Records for this task.
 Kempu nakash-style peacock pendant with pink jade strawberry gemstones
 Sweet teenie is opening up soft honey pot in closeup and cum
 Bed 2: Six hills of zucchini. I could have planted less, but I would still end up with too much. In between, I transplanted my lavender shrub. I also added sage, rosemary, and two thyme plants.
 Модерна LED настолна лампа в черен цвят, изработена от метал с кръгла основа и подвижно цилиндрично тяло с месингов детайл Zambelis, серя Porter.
==
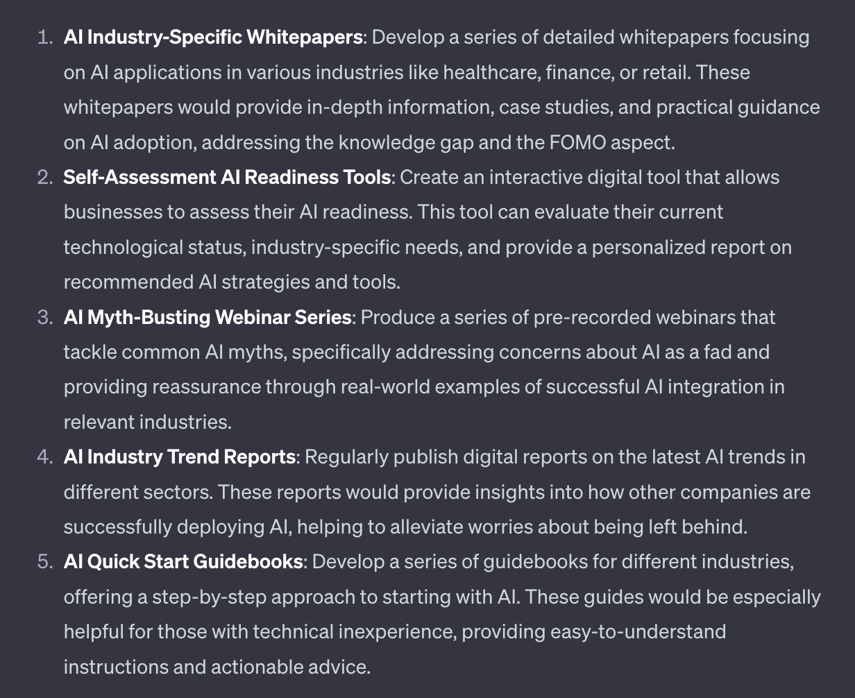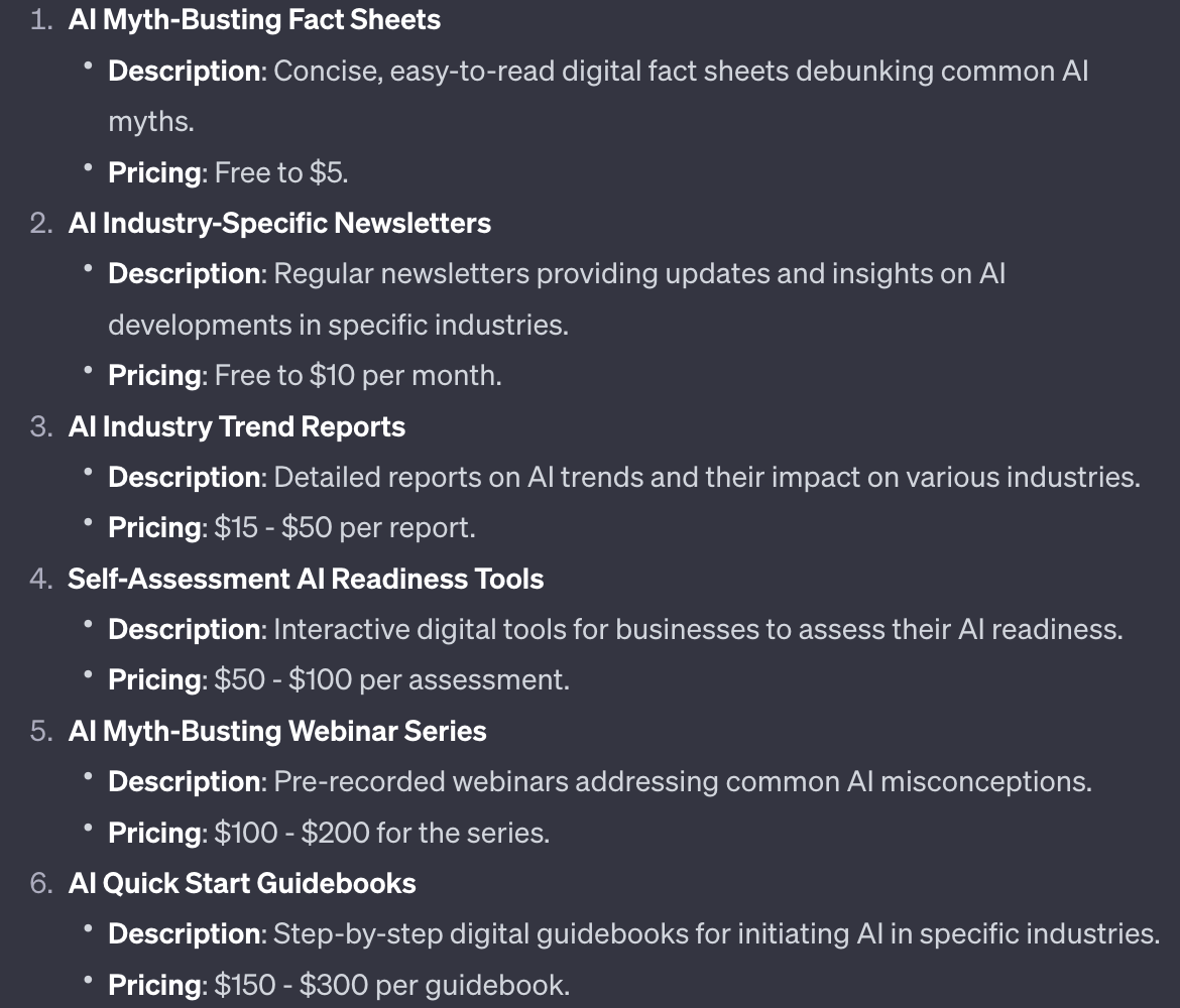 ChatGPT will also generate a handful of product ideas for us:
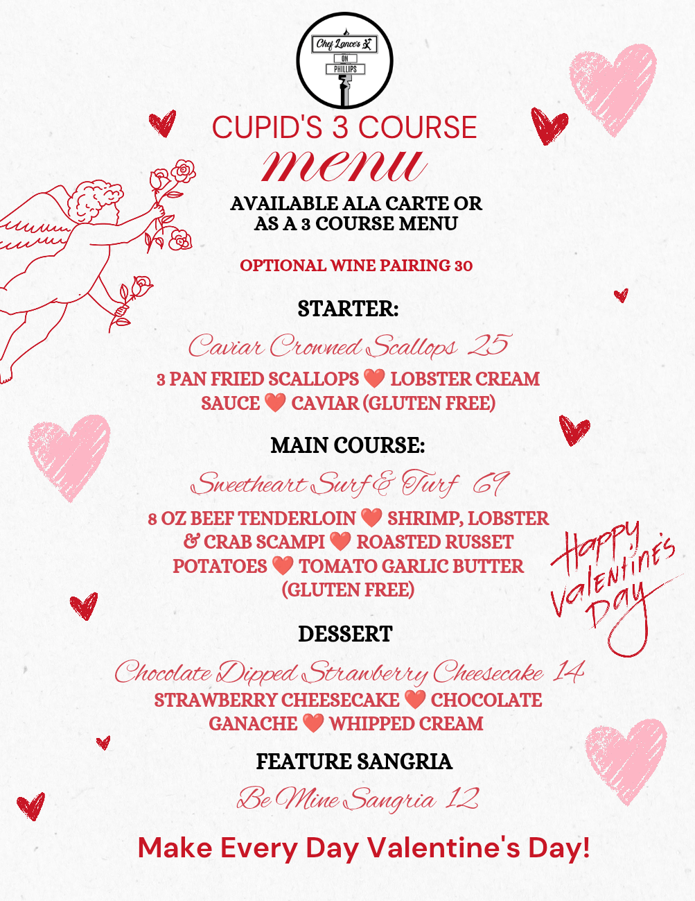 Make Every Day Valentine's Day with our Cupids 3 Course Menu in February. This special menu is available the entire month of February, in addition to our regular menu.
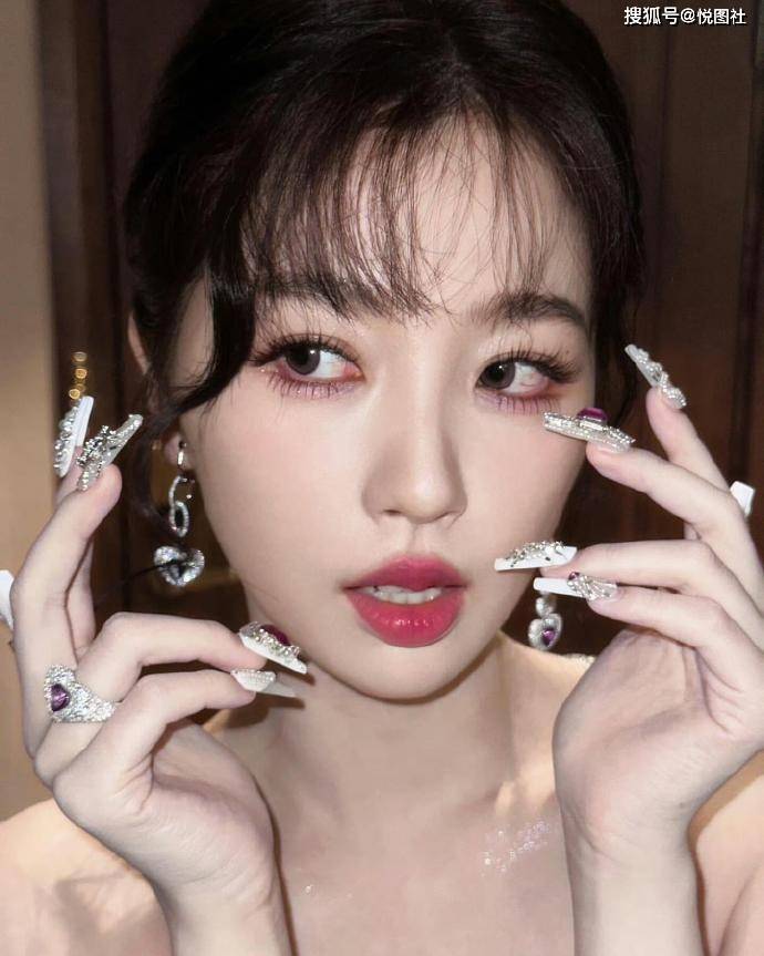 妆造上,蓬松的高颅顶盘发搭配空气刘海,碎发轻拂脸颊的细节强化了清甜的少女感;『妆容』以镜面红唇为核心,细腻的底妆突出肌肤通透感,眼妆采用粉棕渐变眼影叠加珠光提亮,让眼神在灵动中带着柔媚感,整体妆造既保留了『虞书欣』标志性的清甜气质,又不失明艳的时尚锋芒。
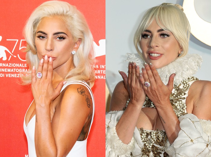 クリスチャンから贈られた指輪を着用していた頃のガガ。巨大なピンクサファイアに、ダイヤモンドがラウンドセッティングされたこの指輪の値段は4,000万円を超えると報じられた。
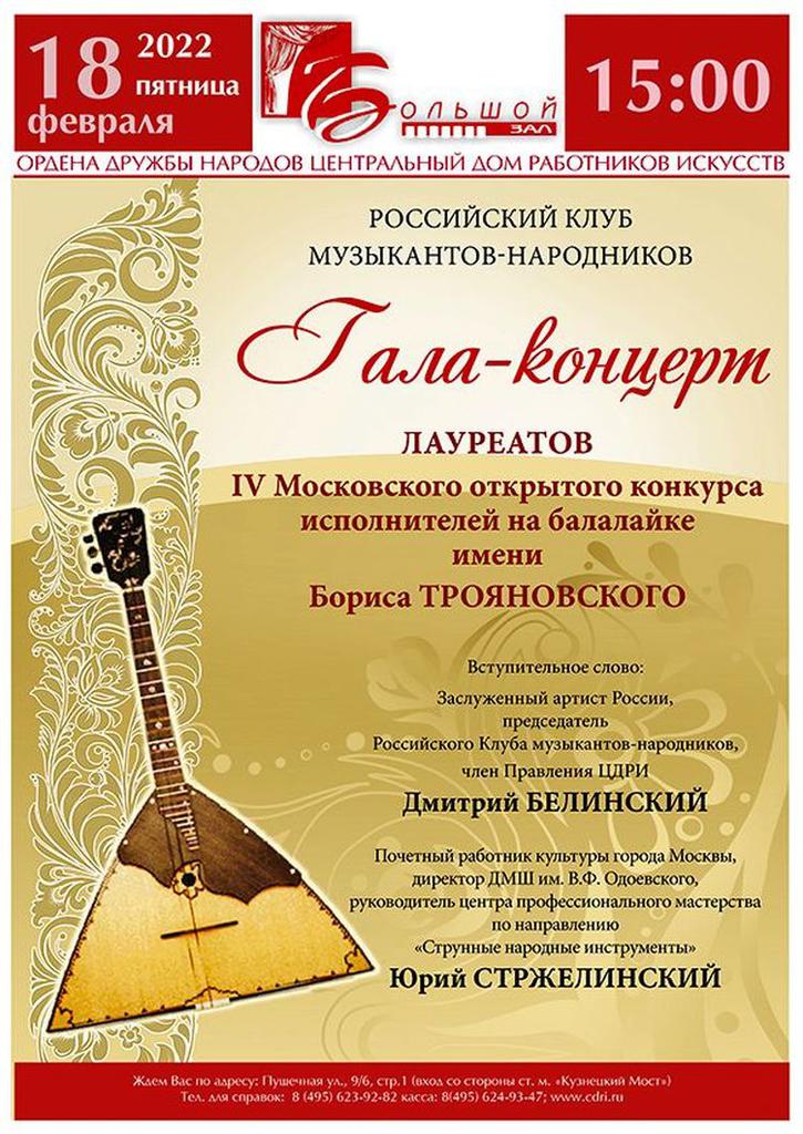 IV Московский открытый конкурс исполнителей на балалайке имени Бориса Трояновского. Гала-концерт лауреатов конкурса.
--
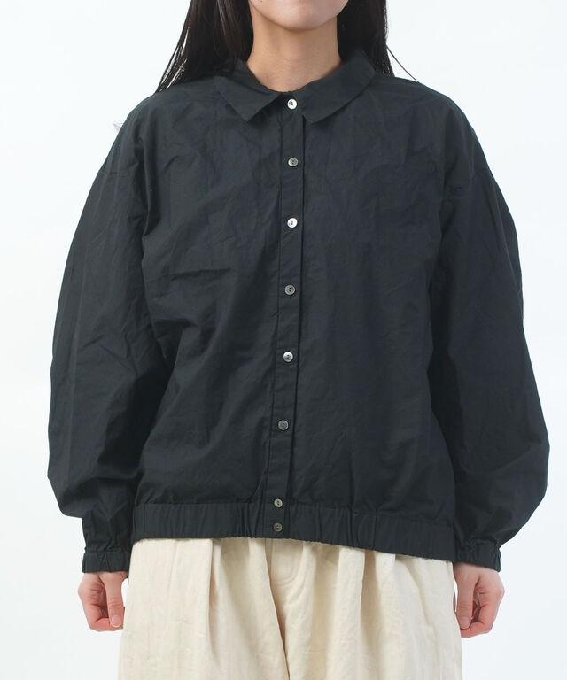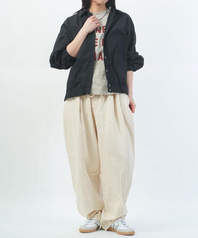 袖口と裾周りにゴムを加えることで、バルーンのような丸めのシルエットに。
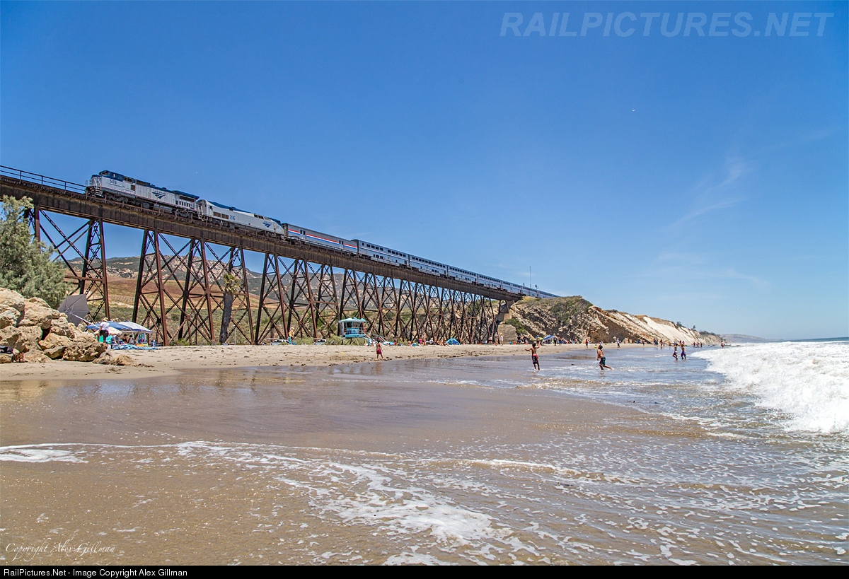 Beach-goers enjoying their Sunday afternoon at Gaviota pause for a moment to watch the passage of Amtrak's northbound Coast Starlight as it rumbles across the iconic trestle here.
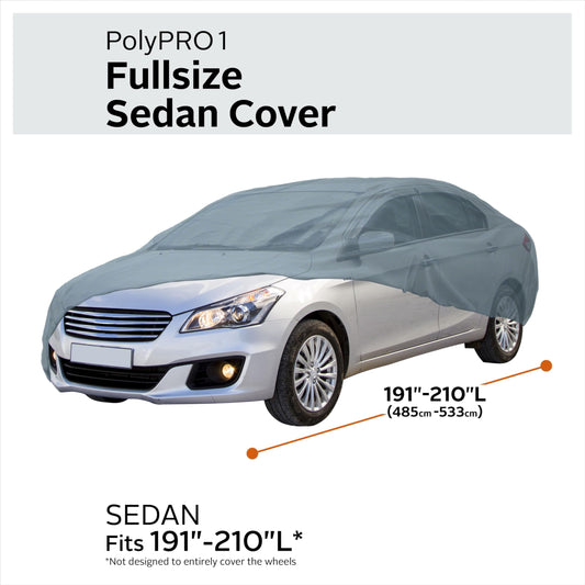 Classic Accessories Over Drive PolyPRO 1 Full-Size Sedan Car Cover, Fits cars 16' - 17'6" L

Work instructions. Look above for the line with "妆造上,蓬松的高颅顶盘发搭配" and the line with "IV Московский открытый", then copy them and all lines in between exactly as written, and only those, without any pictures.

Response area.
 妆造上,蓬松的高颅顶盘发搭配空气刘海,碎发轻拂脸颊的细节强化了清甜的少女感;『妆容』以镜面红唇为核心,细腻的底妆突出肌肤通透感,眼妆采用粉棕渐变眼影叠加珠光提亮,让眼神在灵动中带着柔媚感,整体妆造既保留了『虞书欣』标志性的清甜气质,又不失明艳的时尚锋芒。
 クリスチャンから贈られた指輪を着用していた頃のガガ。巨大なピンクサファイアに、ダイヤモンドがラウンドセッティングされたこの指輪の値段は4,000万円を超えると報じられた。
 IV Московский открытый конкурс исполнителей на балалайке имени Бориса Трояновского. Гала-концерт лауреатов конкурса.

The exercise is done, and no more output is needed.